• _Problem details_
Every line from the first record below down to the line that includes "在交流会上,刘燕同学结合他在" must be reproduced exactly; the pictures are not.
[Opening Data for this exercise section]
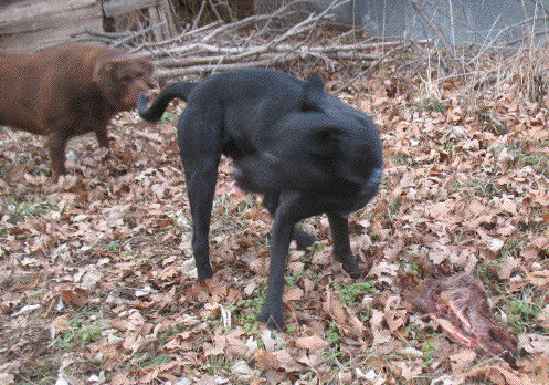 MMmmm, yummy! This afternoon Zeke found part of a deer head. Unfortunately, his friend from down the road decided it should be hers, and she took it away from him. It seems friendship ends where the deer head begins. She's bigger than he is, so there wasn't much he could do. While this was going on, I was bringing wood up to the house. I hitched the little garden trailer to the tractor and went to where the truck's stuck in the mud, and got the wood out of the truck. The big activity of the afternoon was bringing up the wood and splitting it. It looks like that truck is going to stay put for quite a while. It's in an area so wet that there's standing water in the ruts. After rain tonight, the forecast is for six out of the next seven days to be sunny and dry. Maybe that will help.
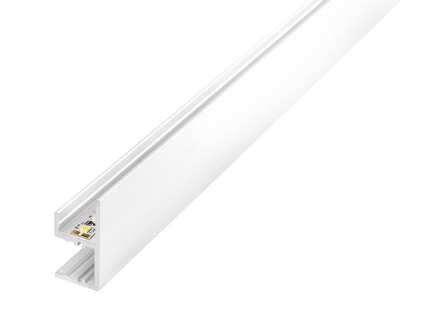 Hochwertiges Aluminium-Wandprofil, pulverbeschichtet, ideal geeignet zur indirekten Beleuchtung ohne bauseits vorhandene Voute, wahlweise nach oben oder unten abstrahlend, Abmessung (BxH): 37,3x18,4mm
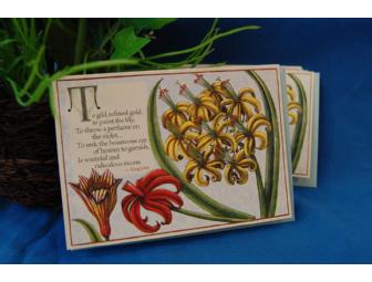 A set of 4 Redoute-inspired greeting cards with envelopes. Design includes the lovely quote: "To guild or find gold, to paint the lilly, to throw a perfume on the violet…to seek the beauteous eye of heaven to garnish is wasteful and ridiculous excess." Send your messages in style!
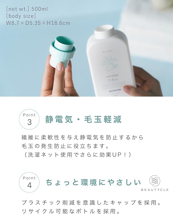 植物由来の柔軟成分配合。静電気、毛玉を軽減します
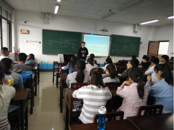 在交流会上,刘燕同学结合他在社会组织实习的经验及感受,着重分享了关于活动策划、评估、个案工作、资源利用、沟通等方面的一些内容,详细讲解了在做活动策划时要做的具体工作、开展个案访谈时的访谈内容及注意事项、如何利用及拓展资源、如何更好地与人交流沟通等,使同学们对课本上的理论知识有了更加深刻具体的认识。
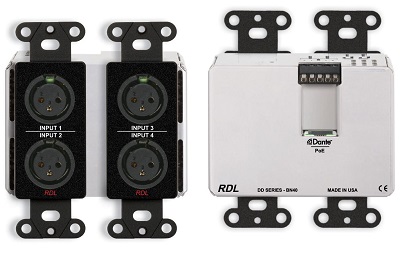The DD-BN40 is a complete wall-mounted Dante audio network interface. It features four XLR mic or line inputs on the front panels and two line outputs on a rear-panel detachable terminal block. Special software is not required to configure the DD-BN40. Each input provides three switches that may be set from the front of the unit when the cover plate is not installed. One switch enables or disables P48 phantom for that input; the second switch selects the mic or line gain range; the third switch sets the gain. Each output provides a switch to set the output to balanced professional or unbalanced consumer level. The DD-BN40 fits a standard US dual-gang electrical box or an RDL WB-2 back box for installations in thinner European or equivalent walls. The DD-BN40 is PoE powered, and is available in multiple finishes with optional customized graphics.
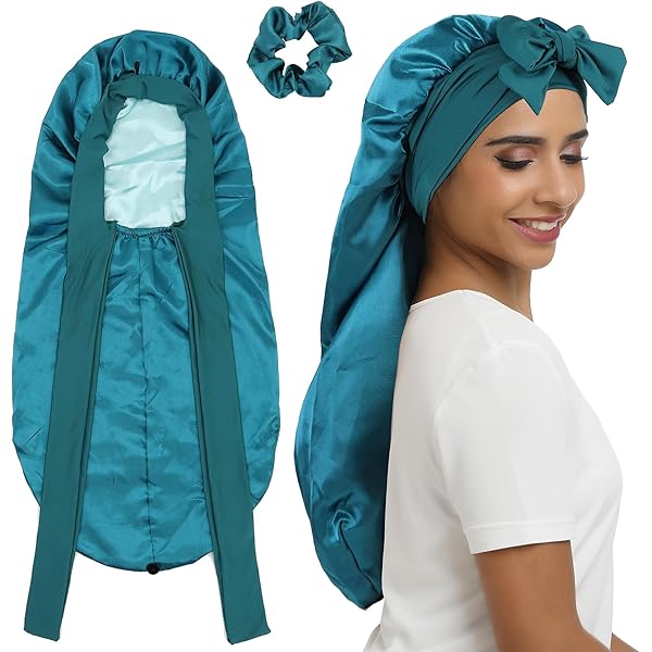 Seidenhaube, Extra Lange Satinhaube Für Damen, Verstellbare Zöpfe
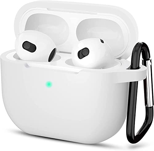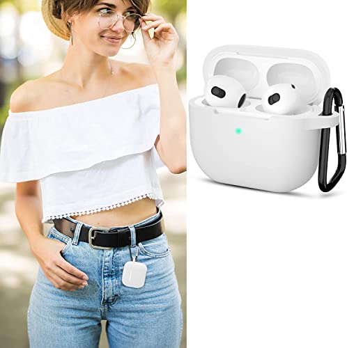 Sounce - Sounce Air Pods 3 Case Cover with Keychain Neck, Protective Silicone Case Skin Compatible with Air Pods 3rd Generation (2021 Released), Shockproof, Supports Wireless Charging [White]
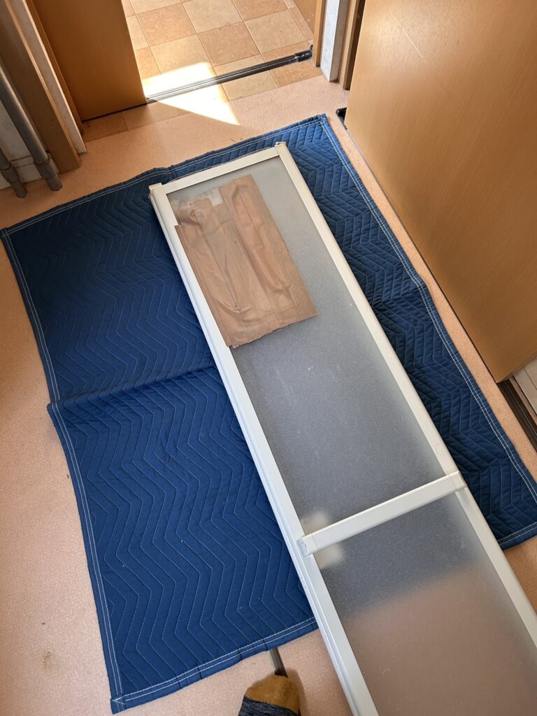 まず折り戸全体をレールから外して、養生マットの上に寝かせます。折り戸はパネルとフレームで構成されているため、フレームを傷つけないよう慎重に取り外します。
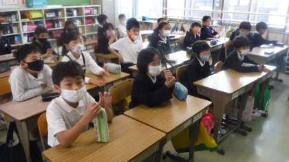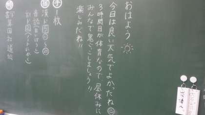 4年3組 日直について 公開日 2021/04/15 更新日 2021/04/15 4年 朝の時間を使って,日直のしかたについて説明をしていました。 しっかり聞いている4年3組です。黒板には先生からメッセージが書かれていました。
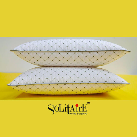 ✨ Solitaire Bliss Cotton Embroidered Pillow Pair – Ultra Soft, Fancy Edges, 100% Cotton (2 Pieces) ✨
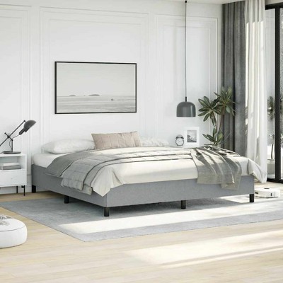 AMERLIFE King Size Bed Frame with 49" Wingback Upholstered Headboard, Steel Frame with Slip-Resistant Edges, Noise-Free, No Box Spring Needed
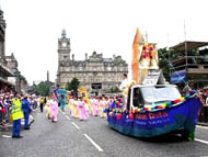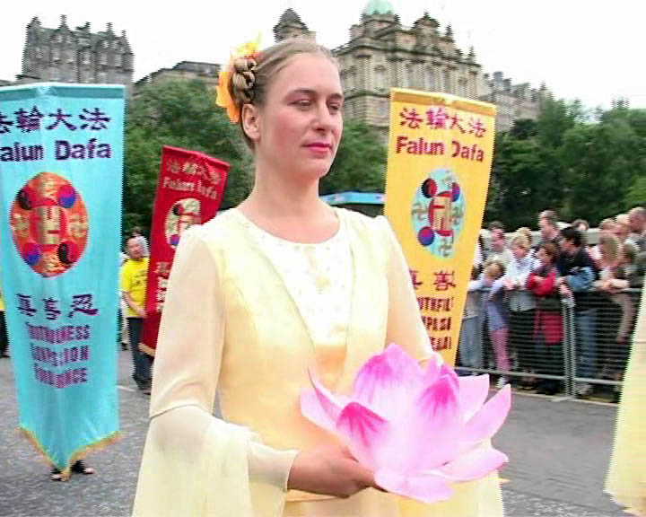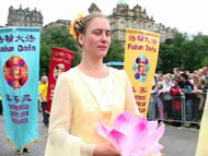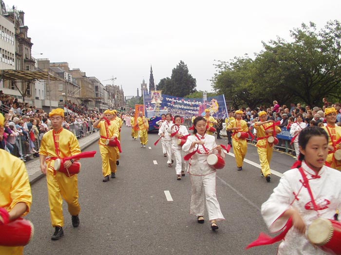 具有浓郁东方特色的法轮大法艺术团已经是第二年参加爱丁堡大游行。去年首次参加就勇得社区组第一名。今年法轮功的游行队伍以激越的陕北腰鼓和祥和的莲花舞互为映衬,再次打动了观众和评委的心,又一次拔得头筹。
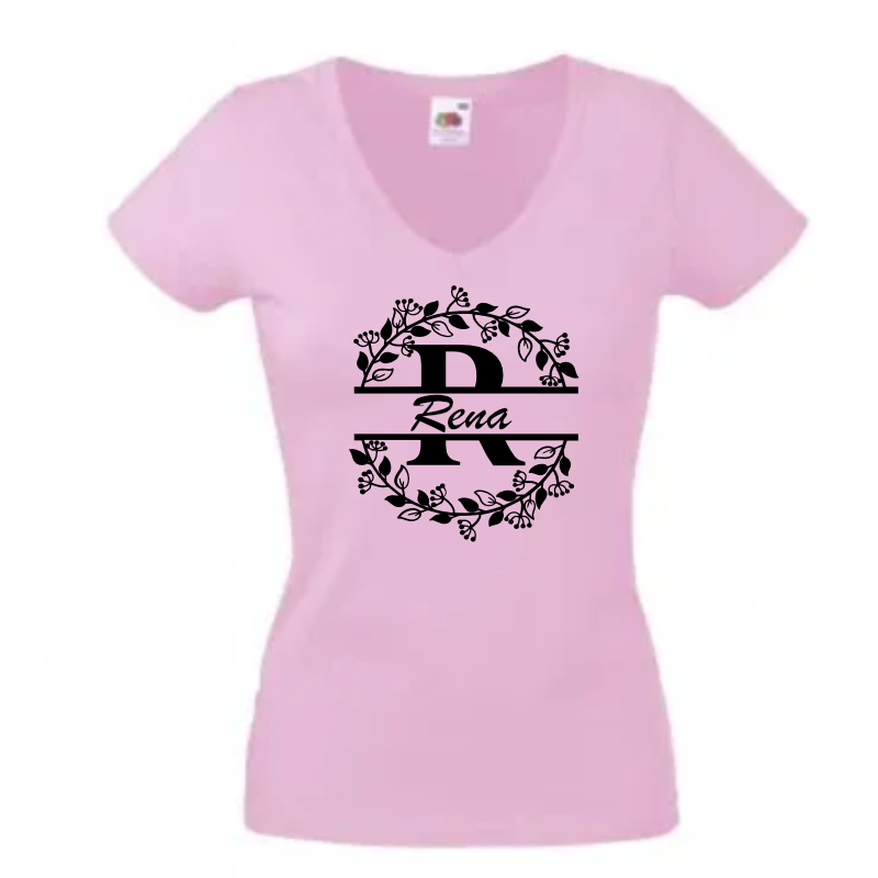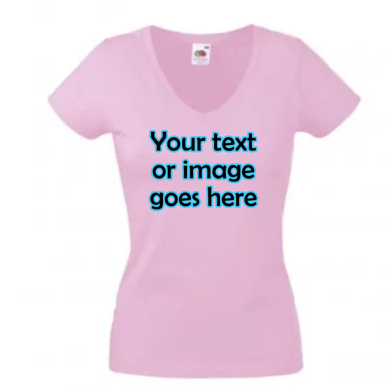 Personalised V neck Lady fit T-shirt pink (M-XXL)
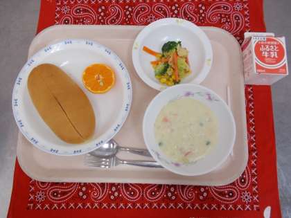・いちごジャムサンド ・牛乳 ・ホワイトシチュー
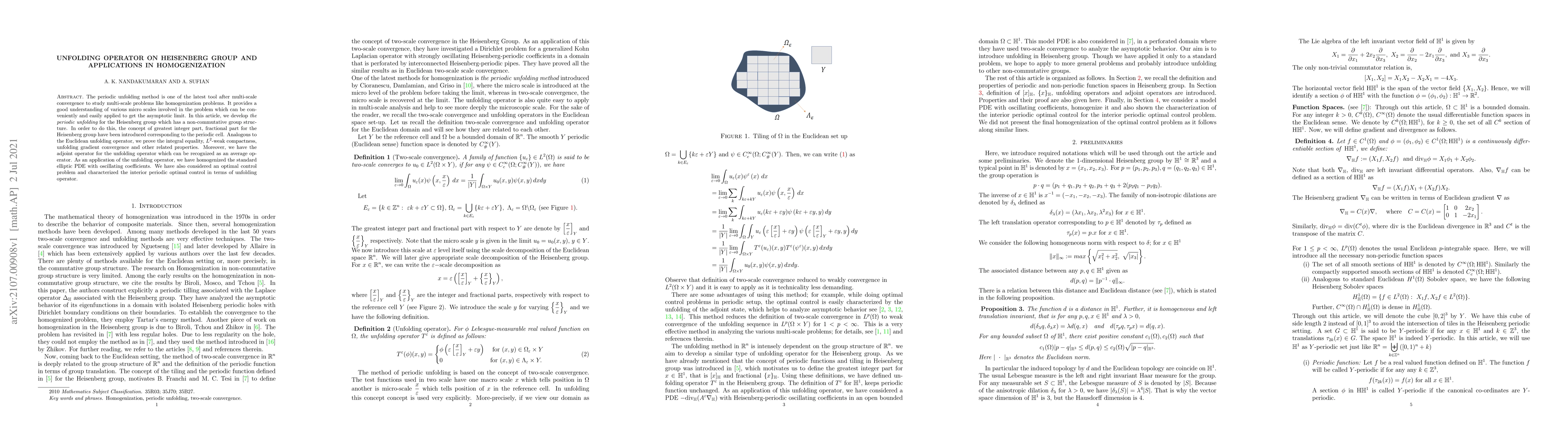 This paper develops the periodic unfolding method for the Heisenberg group, introducing concepts like the greatest integer and fractional parts for non-commutative structures. The study proves integral equality, $L^2$-weak compactness, and gradient convergence, and applies the unfolding operator to homogenize standard elliptic PDEs with oscillating coefficients and characterize interior periodic optimal control.
[Closing Data for this exercise section]
• _Your response_
 MMmmm, yummy! This afternoon Zeke found part of a deer head. Unfortunately, his friend from down the road decided it should be hers, and she took it away from him. It seems friendship ends where the deer head begins. She's bigger than he is, so there wasn't much he could do. While this was going on, I was bringing wood up to the house. I hitched the little garden trailer to the tractor and went to where the truck's stuck in the mud, and got the wood out of the truck. The big activity of the afternoon was bringing up the wood and splitting it. It looks like that truck is going to stay put for quite a while. It's in an area so wet that there's standing water in the ruts. After rain tonight, the forecast is for six out of the next seven days to be sunny and dry. Maybe that will help.
 Hochwertiges Aluminium-Wandprofil, pulverbeschichtet, ideal geeignet zur indirekten Beleuchtung ohne bauseits vorhandene Voute, wahlweise nach oben oder unten abstrahlend, Abmessung (BxH): 37,3x18,4mm
 A set of 4 Redoute-inspired greeting cards with envelopes. Design includes the lovely quote: "To guild or find gold, to paint the lilly, to throw a perfume on the violet…to seek the beauteous eye of heaven to garnish is wasteful and ridiculous excess." Send your messages in style!
 植物由来の柔軟成分配合。静電気、毛玉を軽減します
 在交流会上,刘燕同学结合他在社会组织实习的经验及感受,着重分享了关于活动策划、评估、个案工作、资源利用、沟通等方面的一些内容,详细讲解了在做活动策划时要做的具体工作、开展个案访谈时的访谈内容及注意事项、如何利用及拓展资源、如何更好地与人交流沟通等,使同学们对课本上的理论知识有了更加深刻具体的认识。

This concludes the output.